Получеловек был тяжело ранен пулей Паркера, но, когда мы вернулись к хижине, он исчез. Его след вел на север, и Паркер какое-то время шел за ним, а потом вернулся. Получеловек ранен в шею и вряд ли долго протянет. К северу от озера нет ничего, кроме снега и льда.
— Пусть о нем позаботятся волки, — только и сказал Паркер.
Мы завернули Дональда и Нипапаниса в меха; для отца Алек нашел оленью шкуру, что казалось ему очень важным. Дональда мы завернули в лису и куницу: мягко и тепло. Паркер связал самые ценные шкуры и погрузил в сани. У Жаме есть сын: это для него. Для Элизабет и ее семьи. Я полагаю, что за остальными Паркер когда-нибудь вернется. Я не спрашиваю. Он не говорит.
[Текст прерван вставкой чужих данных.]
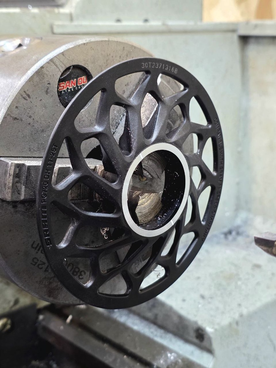 Это семискоростная даунхилльная кассета, и примечательна она прежде всего тем, что в отличии от более дорогих кассет XG-795, она полностью разборная, надевается на стандартный барабан Shimano HG (HyperGlide) и, самое главное, имеет в своём комплекте отделяемую пластиковую защиту от попадания цепи между кассетой и спицами. Во всём хороша, кроме одного: эта падла восьмерит. Если учесть, что расстояние между звёздами даунхилльных кассет Sram такое же, как у 11-скоростной обычной кассеты, и что переключатель этой серии обычно нехило болтается на петухе, то ни о какой чёткости переключения, особенно в гоночном режиме, речь идти не может. Лечение до безобразия простое: берём защиту, базируем в токарный станок, делаем канавку под тугую посадку для установки в неё стандартного алюминиевого колечка (того, которое ставят перед кассетой, если она болтается на барабане), прессуем в защиту колечко, повторно базируем это всё дело в токарник, торцуем колечко, получаем на выходе замечательную констр

Все это мы успели до полудня.
А теперь мы возвращаемся в Ганновер-Хаус. Собаки тянут сани с лежащими на них трупами. Алек идет рядом с санями. Паркер правит собаками, а я иду рядом с ним. Мы держимся наших же следов и следов наших преследователей, глубоко отпечатавшихся в снегу. Я обнаруживаю, что, сама того не сознавая, научилась читать следы. Всякий раз, когда я вижу отпечаток, в котором признаю свой собственный, я ступаю на него, чтобы стереть с лица земли. Эта страна испещрена такими отметинами: слабыми следами человеческих вожделений. Но наши следы, как и эта горькая стезя, недолговечны, укутаны зимой, и когда снова повалит снег или с весенней оттепелью, исчезнут все свидетельства нашего похода.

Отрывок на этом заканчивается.